Шрифт:
Интервал:
Закладка:
— Постой, Жозеф, вместо того, чтобы успокоить жену, ты своими словами еще больше нагоняешь страха, — сказал доктор.
— И как вы, с вашим ясным умом, — прибавила Элоиза, дружески взяв за руку Марию, — как вы можете поддаваться нелепой боязни. Ведь эта колдунья почти сумасшедшая. Наконец, что же такое страшное она вам предсказала?
— Что я умру на эшафоте.
— Ай, какой ужас! — вскричала невольно Элоиза. — Но самая нелепость предсказания должна заставить вас только пожать плечами, а не то что бояться.
— А я вам говорю, — сказал доктор, — что ворожея — вполне безумная. Она даже не помнит своих предсказаний, делает их в бессознательном состоянии. Все это — бред больного мозга. И, наконец…
— Постойте, доктор, — перебила Мария. — Хотя я и не особенно умна, но до сих пор смеялась над предсказанием. Однако вы увидите, что было от чего почувствовать страх.
Вместе со мной у гадалки были еще две незнакомые мне женщины, и она сказала, что рано или поздно нас свяжет какое-то обстоятельство.
— И вы после этого никогда не встречали этих женщин?
— Нет, встретила нынче ночью.
— Каким образом? — спросил доктор с удивлением.
— Приезжала за вами в театр какая-нибудь молодая особа?
— Да, м-ль Дюваль приглашала меня к больной матери.
— Ну вот, я стояла рядом с Анатолем, когда он предложил этой девице передать вам ее просьбу; она поблагодарила его; в это время к Анатолю подошла дама в черном домино и что-то шепнула ему. Таким образом, он был окружен тремя женщинами. И вдруг из-за колонны послышался голос говорившей: «Вот еще раз вы собрались все втроем. Вспомните улицу Сент-Авуа».

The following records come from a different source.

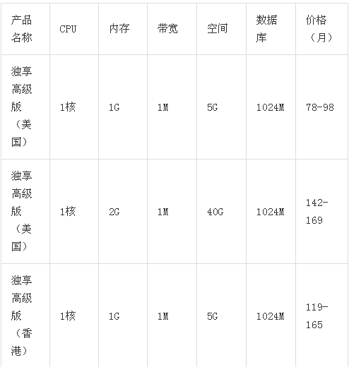 海外机房(香港、美国)独享版虚机一些常见的FAQ 问题1:香港、美国机房独享版虚机有哪些功能? 功能与大陆机房的产品功能一致。 问题2:香港、美国机房的网络情况怎么样? 香港、美国机房的网络为国际带宽,适合海外用户访问。 问题3:香港、美国机房上线的机型有哪些?配置和价格是怎么样的? 香港、美国机房本次只上线两款独享版机型,配置和价格如下图所示: ·问题4:香港、美国机房有共享版虚拟主机吗? 暂时没有,请关注后续的相关通知。 问题5:怎么没有1核0.5G的机型配置? 目前香港、美国机房最低配置为1核1G(对应独享虚机高级版)。 问题6:如果需要更高配置的型号,有没有? 暂时无更高配置的型号,如果一定需要,可以购买ECS,自选配置。 问题7:香港、美国机房的独享版虚机支持备案吗? 海外机房无需备案。 问题8:香港、美国机房的独享版虚机支持免费更换操作系统吗? 不支持。因为不同的操作系统价格不相同,如果购买错误可以退款后再新购产品。 问题9:其他大陆机房(北京,杭州,青岛)的独享版虚机支持更换机房到香港、美国机房吗? 不支持。 问题10:香港、美国机房的独享版虚机支持更换到其他大陆机房(北京,杭州,青岛、深圳)吗? 不支持。如果需要更换可以退款新购服务器。 问题11:大陆机房的虚拟主机可以升级到香港、美国机房的独享版虚机吗? 不支持。 问题12:香港、美国的独享版虚机可不可以支持升级? 支持,但只支持同机房同操作系统的升级。 ·问题13:其他大陆机房的独享版虚机可以升级到香港、美国的独享版虚机吗? 不支持。 ·问题14:香港、美国机房的独享版虚机是否支持购买带宽? 支持。 ·问题15:香港、美国机房的独享版虚机支持业务转移吗? 支持。 ·问题16:香港机房的独享版虚机带宽的价格是怎么样的? 1-5M每M 30元,6M以上每M 100元 上一条: 关于主机产品支持的建站系统的列表 下一条: 虚拟主机是什么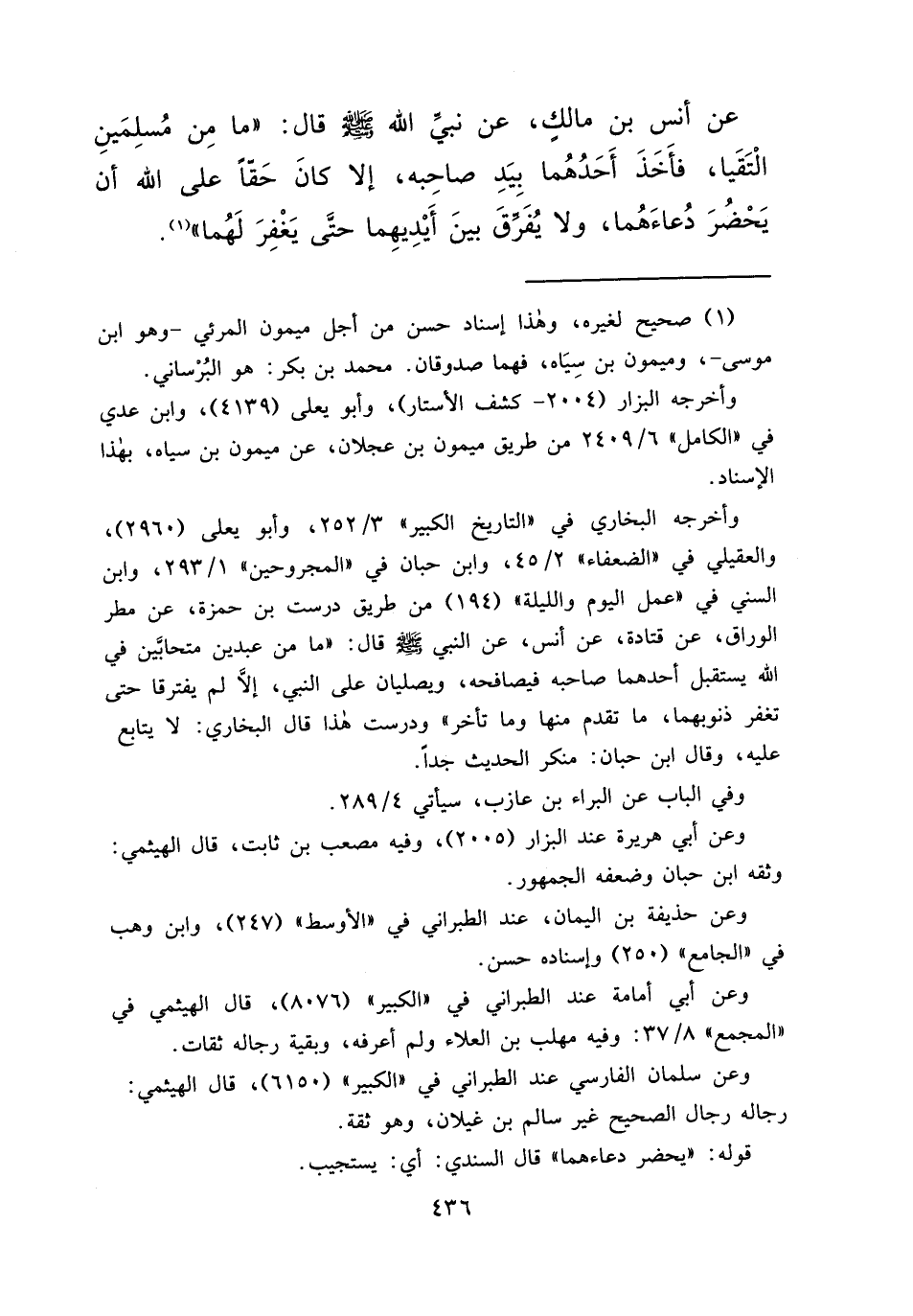 عَنْ أَنَسِ بْنِ مَالِكٍ، عَنْ نَبِيِّ اللهِ صَلَّى اللهُ عَلَيْهِ وَسَلَّمَ قَالَ: " مَا مِنْ مُسْلِمَيْنِ الْتَقَيَا، فَأَخَذَ أَحَدُهُمَا بِيَدِ صَاحِبِهِ، إِلَّا كَانَ حَقًّا عَلَى اللهِ أَنْ يَحْضُرَ دُعَاءَهُمَا، وَلَا يُفَرِّقَ بَيْنَ أَيْدِيهِمَا حَتَّى يَغْفِرَ لَهُمَا " (١)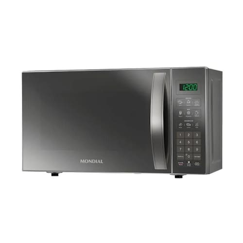 Microondas Mondial 21 Litros com 1200W de potência, design espelhado, funções Menu Dia a Dia, Menu Kids, Descongelar, Manter Aquecido e Tira Odor. Possui 10 níveis de potência, trava de segurança e display digital.Função Grill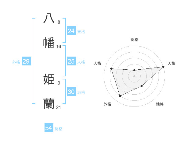 八幡 姫蘭さんを姓名の画数から五運を鑑定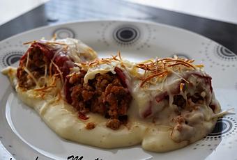 Están muy buenos. Si queréis triturar un pimiento con la bechamel, queda muy bien, resultará una salsa diferente y muy buena.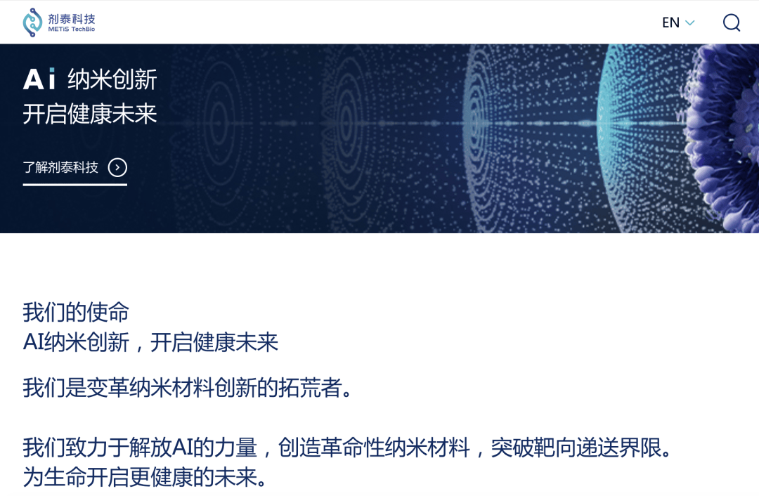 剂泰科技是一家人工智能(AI)驱动纳米材料创新的生物科技公司,专注于利用靶向药物递送和发现技术,帮助生命体战胜疾病和衰老,重获健康和活力。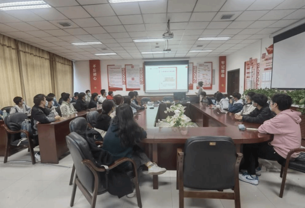 随后,主持人肖宇杰向团员们细致入微地介绍了中国共产党全国代表大会的历史背景、意义及作用,并重点介绍了此次党的二十大的大会主题和主要内容,带领团员们学习习近平总书记讲话精神。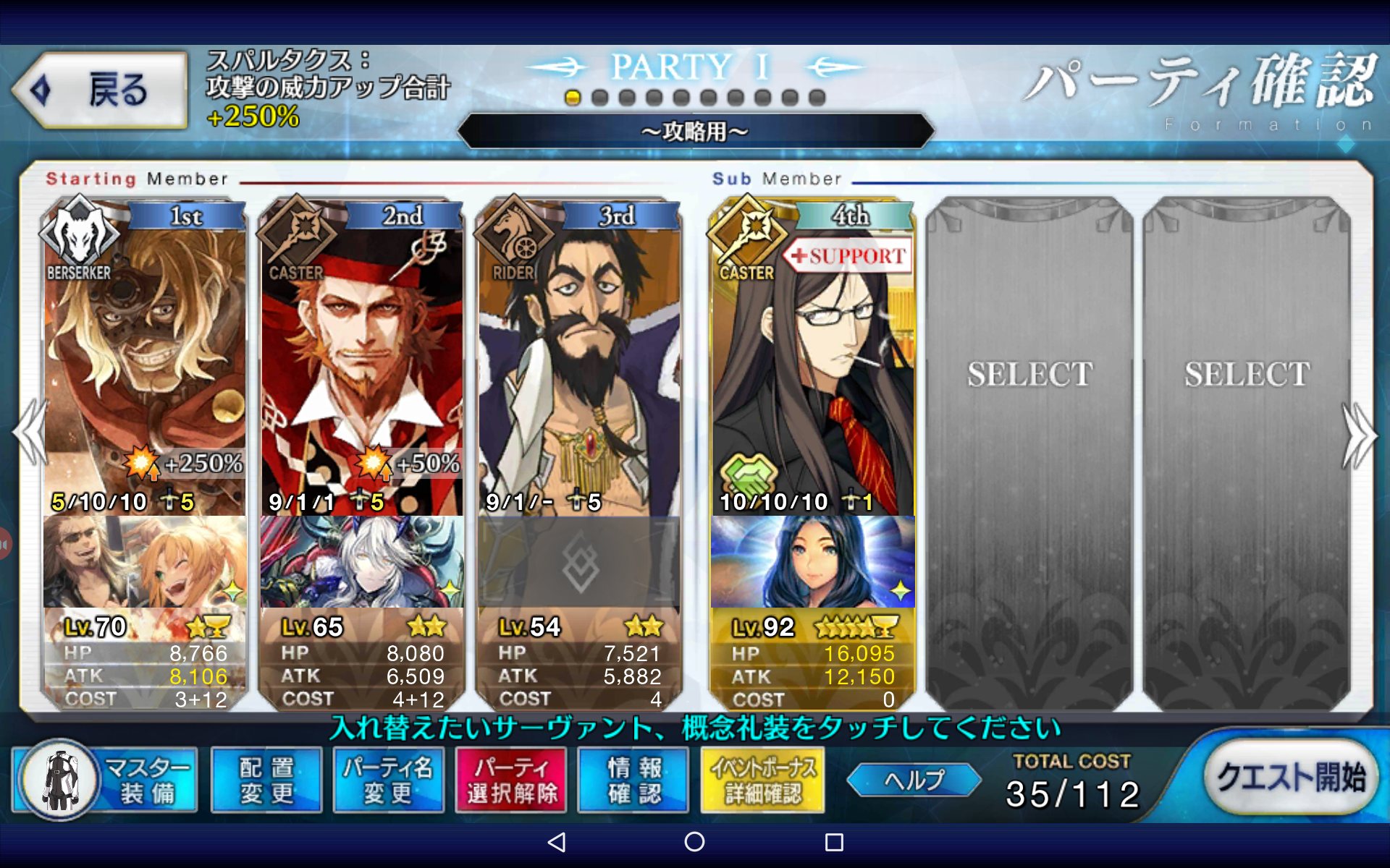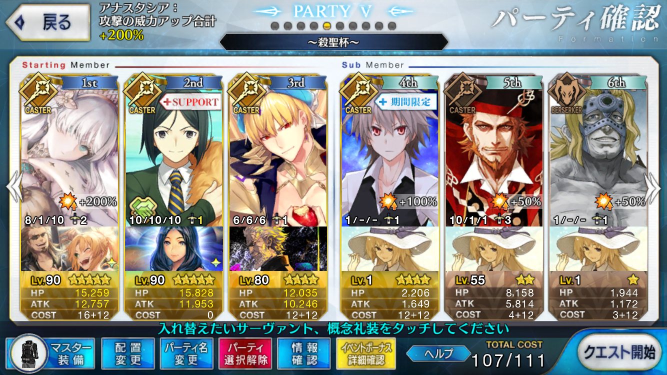 おれはもうQPカンストしちゃって討伐戦には加われないが、サポートに特攻礼装つけた全体宝具持ち置いとくから後よろしく!えっ、天草君に聖杯を壊させるって?

— Слышишь, слышишь, Жером? — сказал испуганно Жозеф.
Доктор пожал плечами.
— Что же дальше? — спросил он. — Что здесь удивительного? Очень просто: ворожея была на балу, где среди двух или трех тысяч человек оказались две женщины, которым она гадала. Первое чудо! У ворожеи хорошая память, и она узнает их, тем более что они (извините за комплимент, м-ль Фово, вы принуждаете меня это сделать) замечательно хороши собой. Второе чудо! Наконец, ворожея видит, что подошла третья женщина, и говорит: «Вот вы опять собрались все втроем. Вспомните улицу Сент-Авуа». Третье и страшное чудо!
— Жером прав, — сказал Фово. — Если обдумать, то нет ничего проще. Только думать об этом совсем не стоит.
— Могу одно сказать, — возразила печальным тоном Мария, — когда я услыхала эти слова, то у меня сжалось сердце. Жозеф заметил. Сперва я хотела сказать ему причину, но потом не хотела тревожить тебя, мой милый; я рассудила, что это случайность, не больше, взяла себя в руки и по-старалась забыть.
— Что же тебя опять навело на эти скверные мысли?
— Не могу объяснить, но вот когда доктор высказал опасение, как бы Анатоль из жертвы не обратился в палача, то при слове «палач», мне представилась гильотина, вспомнилось предсказание ворожеи, и я вся похолодела. Я знаю, вы вправе смеяться надо мной; знаю, как глупо бояться, что Анатоль, каким бы он ни сделался злым, обратится в моего палача и заставит меня умереть на эшафоте. Но я откровенно говорю то, что чувствую. Конечно, это пройдет, но… какая смертельная тоска! Не знаю, мне вдруг захотелось обнять мою девочку, точно я ее никогда больше не увижу…
И Мария разрыдалась.
— Мари, ты плачешь! — вскричал Жозеф, бросаясь к ногам жены и не в силах удержаться от слез. — Но это глупая боязнь! Жером! Сударыня! Скажите же ей! О, какой я несчастный!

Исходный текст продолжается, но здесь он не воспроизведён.